• _Stored entries_
- - - -
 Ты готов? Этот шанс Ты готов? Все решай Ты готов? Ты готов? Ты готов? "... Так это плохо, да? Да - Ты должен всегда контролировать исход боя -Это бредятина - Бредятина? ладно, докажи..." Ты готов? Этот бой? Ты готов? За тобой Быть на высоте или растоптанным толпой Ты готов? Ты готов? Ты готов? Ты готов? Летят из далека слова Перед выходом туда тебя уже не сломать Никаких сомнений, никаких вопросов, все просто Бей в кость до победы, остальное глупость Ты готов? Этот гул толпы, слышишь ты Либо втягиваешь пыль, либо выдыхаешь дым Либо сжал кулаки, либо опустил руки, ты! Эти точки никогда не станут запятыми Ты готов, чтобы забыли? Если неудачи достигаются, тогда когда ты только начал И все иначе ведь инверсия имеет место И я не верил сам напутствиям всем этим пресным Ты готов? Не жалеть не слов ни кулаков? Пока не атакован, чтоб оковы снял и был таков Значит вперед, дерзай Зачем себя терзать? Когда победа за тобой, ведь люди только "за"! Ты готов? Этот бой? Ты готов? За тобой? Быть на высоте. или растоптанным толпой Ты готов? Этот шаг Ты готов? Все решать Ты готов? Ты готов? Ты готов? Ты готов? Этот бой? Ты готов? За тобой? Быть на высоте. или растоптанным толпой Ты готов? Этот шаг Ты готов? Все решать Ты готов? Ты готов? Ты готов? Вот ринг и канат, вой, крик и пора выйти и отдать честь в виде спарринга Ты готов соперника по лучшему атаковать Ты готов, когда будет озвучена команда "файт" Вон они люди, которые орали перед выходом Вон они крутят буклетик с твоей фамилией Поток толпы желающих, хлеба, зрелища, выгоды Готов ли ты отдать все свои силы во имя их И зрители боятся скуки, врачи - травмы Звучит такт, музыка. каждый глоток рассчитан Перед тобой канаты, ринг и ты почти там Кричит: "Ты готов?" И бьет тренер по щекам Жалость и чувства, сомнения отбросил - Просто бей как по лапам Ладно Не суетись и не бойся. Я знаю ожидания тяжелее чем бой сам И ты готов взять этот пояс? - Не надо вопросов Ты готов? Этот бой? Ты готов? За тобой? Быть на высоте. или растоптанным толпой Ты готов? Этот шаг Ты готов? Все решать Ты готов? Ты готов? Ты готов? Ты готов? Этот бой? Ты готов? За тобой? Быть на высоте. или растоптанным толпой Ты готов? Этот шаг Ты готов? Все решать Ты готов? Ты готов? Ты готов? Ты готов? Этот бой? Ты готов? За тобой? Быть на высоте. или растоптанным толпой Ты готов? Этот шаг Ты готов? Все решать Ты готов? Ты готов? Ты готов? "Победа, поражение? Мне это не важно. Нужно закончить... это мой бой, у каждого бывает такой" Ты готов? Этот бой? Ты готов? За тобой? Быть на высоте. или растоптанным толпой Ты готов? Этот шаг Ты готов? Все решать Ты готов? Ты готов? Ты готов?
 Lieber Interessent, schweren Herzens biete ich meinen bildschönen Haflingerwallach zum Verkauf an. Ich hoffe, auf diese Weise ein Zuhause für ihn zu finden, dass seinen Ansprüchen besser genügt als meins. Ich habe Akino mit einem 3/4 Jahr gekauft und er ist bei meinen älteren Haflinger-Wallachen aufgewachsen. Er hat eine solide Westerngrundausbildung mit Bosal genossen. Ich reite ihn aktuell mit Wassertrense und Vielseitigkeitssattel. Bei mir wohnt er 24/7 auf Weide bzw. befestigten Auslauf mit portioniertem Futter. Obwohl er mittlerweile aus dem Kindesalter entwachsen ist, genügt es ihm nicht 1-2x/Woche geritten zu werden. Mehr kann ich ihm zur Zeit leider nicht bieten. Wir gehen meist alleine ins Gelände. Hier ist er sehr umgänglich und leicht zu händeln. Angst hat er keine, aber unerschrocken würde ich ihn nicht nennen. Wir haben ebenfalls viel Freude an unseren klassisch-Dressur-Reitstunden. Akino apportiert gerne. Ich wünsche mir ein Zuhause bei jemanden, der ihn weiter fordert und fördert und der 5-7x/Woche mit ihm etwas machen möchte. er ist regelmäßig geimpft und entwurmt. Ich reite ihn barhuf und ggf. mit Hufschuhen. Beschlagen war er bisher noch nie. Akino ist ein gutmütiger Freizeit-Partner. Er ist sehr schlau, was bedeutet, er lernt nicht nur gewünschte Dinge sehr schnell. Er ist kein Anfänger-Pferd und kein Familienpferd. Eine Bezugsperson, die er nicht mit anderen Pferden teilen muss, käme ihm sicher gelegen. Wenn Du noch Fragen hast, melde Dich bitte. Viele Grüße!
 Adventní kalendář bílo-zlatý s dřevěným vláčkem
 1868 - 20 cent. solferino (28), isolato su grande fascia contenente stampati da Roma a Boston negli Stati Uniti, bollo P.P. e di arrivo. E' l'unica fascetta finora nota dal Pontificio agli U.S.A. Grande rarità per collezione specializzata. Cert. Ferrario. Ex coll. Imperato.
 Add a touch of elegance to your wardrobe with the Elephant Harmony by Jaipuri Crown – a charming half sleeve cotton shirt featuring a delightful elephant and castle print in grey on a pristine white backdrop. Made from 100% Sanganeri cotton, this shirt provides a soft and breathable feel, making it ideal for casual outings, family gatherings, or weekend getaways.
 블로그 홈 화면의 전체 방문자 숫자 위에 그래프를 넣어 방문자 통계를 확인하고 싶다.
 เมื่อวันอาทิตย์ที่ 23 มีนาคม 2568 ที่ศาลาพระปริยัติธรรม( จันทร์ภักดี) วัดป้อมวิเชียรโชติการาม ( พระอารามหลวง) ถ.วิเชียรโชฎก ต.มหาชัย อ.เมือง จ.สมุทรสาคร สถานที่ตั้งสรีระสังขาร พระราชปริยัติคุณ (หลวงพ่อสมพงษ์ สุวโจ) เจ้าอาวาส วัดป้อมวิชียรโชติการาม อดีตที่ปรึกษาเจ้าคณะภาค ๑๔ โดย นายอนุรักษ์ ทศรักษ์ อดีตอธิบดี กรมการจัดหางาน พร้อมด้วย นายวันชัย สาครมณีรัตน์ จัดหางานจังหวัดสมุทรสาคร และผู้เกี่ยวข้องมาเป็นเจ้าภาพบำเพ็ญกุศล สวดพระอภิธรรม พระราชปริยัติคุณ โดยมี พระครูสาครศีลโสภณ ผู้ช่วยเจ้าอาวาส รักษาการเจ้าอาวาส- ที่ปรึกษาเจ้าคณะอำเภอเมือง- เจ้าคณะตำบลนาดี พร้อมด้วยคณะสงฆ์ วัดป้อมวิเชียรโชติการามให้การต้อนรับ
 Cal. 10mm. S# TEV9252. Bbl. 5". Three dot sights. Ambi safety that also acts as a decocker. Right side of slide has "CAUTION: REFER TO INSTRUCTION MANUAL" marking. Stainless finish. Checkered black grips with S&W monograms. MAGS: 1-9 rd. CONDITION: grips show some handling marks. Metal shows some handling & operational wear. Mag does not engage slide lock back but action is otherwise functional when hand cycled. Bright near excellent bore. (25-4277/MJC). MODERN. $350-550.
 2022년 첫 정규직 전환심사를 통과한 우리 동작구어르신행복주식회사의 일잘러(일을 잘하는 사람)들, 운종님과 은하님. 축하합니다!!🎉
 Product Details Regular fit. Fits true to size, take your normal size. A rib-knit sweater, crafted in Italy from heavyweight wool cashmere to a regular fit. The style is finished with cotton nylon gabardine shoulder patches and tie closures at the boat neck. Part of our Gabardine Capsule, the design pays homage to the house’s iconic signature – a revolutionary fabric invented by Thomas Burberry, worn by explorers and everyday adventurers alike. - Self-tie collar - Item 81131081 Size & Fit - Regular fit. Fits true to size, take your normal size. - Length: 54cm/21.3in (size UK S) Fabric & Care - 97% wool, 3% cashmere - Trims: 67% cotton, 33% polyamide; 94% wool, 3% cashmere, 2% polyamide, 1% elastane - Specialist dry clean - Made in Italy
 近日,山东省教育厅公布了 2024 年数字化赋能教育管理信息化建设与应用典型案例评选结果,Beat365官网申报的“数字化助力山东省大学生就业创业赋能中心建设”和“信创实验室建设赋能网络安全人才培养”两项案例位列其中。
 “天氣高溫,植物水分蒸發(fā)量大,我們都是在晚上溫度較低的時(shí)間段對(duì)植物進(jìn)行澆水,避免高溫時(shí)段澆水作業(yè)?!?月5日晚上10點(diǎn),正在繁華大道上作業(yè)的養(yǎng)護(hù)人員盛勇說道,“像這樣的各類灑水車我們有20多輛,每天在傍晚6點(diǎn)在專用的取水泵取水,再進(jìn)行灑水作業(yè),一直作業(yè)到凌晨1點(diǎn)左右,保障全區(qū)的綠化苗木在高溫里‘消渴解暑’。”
- - - -
• _What this task involves_
Please state how many lines in the data contain the word "Made", giving only that number.

• _Problem solution_
2